### ACTION ITEM
Print the listing exactly as it stands. Skip every picture.

### RAW DATA
########################################

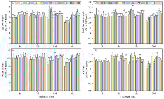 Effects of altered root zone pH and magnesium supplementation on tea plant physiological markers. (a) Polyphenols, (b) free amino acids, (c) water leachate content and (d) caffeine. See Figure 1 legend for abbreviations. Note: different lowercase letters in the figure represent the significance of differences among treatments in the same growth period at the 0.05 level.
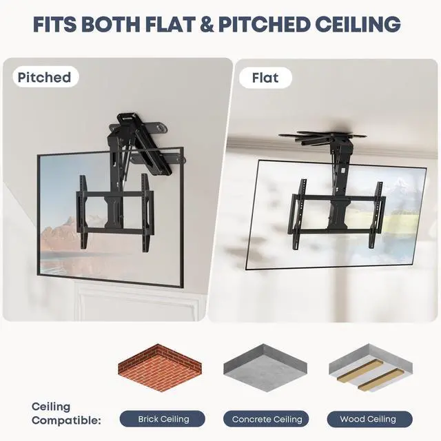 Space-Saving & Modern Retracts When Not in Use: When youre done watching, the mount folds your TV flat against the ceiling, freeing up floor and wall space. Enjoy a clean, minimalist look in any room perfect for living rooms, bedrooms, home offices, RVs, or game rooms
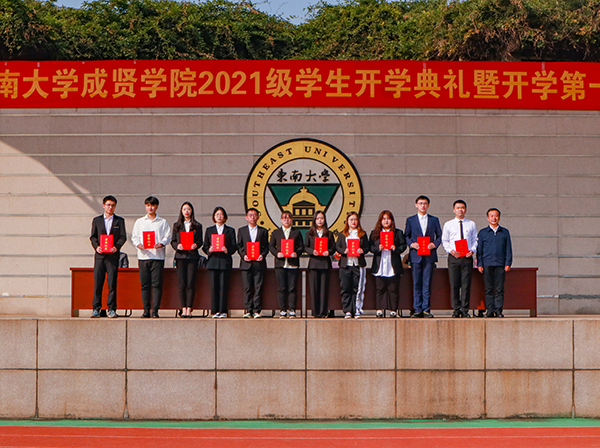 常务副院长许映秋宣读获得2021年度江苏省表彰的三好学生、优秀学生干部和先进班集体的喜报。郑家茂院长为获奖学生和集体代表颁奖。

########################################

### TASK RESULT
 Effects of altered root zone pH and magnesium supplementation on tea plant physiological markers. (a) Polyphenols, (b) free amino acids, (c) water leachate content and (d) caffeine. See Figure 1 legend for abbreviations. Note: different lowercase letters in the figure represent the significance of differences among treatments in the same growth period at the 0.05 level.
 Space-Saving & Modern Retracts When Not in Use: When youre done watching, the mount folds your TV flat against the ceiling, freeing up floor and wall space. Enjoy a clean, minimalist look in any room perfect for living rooms, bedrooms, home offices, RVs, or game rooms
 常务副院长许映秋宣读获得2021年度江苏省表彰的三好学生、优秀学生干部和先进班集体的喜报。郑家茂院长为获奖学生和集体代表颁奖。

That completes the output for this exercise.